Sir Arthur C. Clarke was one of the greatest futurists and science-fiction writers of the twentieth century. He authored some one hundred books, including 2001: A Space Odyssey. He cowrote the screenplay for the film of the same name with Stanley Kubrick, who directed and produced the movie.
Sir Arthur was a longtime secular humanist. He signed Humanist Manifesto 2000 and was a Laureate of the Council for Secular Humanism’s International Academy of Humanism. He thoroughly enjoyed reading Free Inquiry and helped promote the journal. In 2006, he sent a message of encouragement to the Nigerian Humanist Movement in honor of its tenth anniversary celebration and conference.

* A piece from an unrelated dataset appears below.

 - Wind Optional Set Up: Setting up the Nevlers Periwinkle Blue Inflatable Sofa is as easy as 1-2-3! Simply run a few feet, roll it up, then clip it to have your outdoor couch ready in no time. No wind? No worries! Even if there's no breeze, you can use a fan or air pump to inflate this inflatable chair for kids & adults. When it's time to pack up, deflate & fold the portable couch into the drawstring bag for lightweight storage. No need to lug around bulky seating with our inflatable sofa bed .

Sir Arthur’s imaginative scientific writing predicted a worldwide system of satellites, cell phones, space stations, and the Internet. Highly influential astronomers, U.S. astronauts, and Soviet cosmonauts accredited him with helping to initiate the age of space exploration.
Born in Britain, Sir Arthur moved to Colombo, Ceylon (now Sri Lanka) in 1956. In 1962, he suffered a polio attack that left him weakened. Since 1984, he struggled with post-polio syndrome and was confined to a wheelchair in his later years.

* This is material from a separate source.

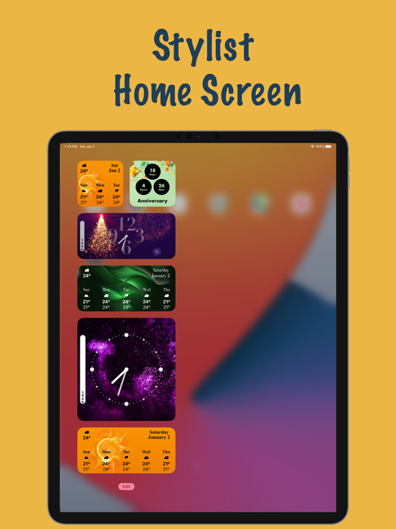 Color Widgets Instant contains a large set of good pre-made designs for weather, forecast, count-down, time, date, battery, calendar, photo collection, quotes and more. You can immediately use the design in second or better yet, make your own. This app provides powerful customization tools to make widgets on your Home Screen unique:

He received numerous science-fiction awards, including the Hugo and the British Science Fiction Association awards. In 1994, he received a nomination for a Nobel Prize, and, in 1998, Queen Elizabeth II knighted him.
Sir Arthur left strict instructions that there were to be “absolutely no religious rites of any kind” at his funeral. He also requested a funeral without politicians. However, he was buried at a cemetery in Colombo on March 22, 2008, with a Catholic priest and about a dozen Buddhist monks in attendance. The Sri Lankan government asked its citizens to observe a moment of silence in his honor.
He will be remembered for his impressive contributions to the prolific growth of scientific knowledge during his lifetime.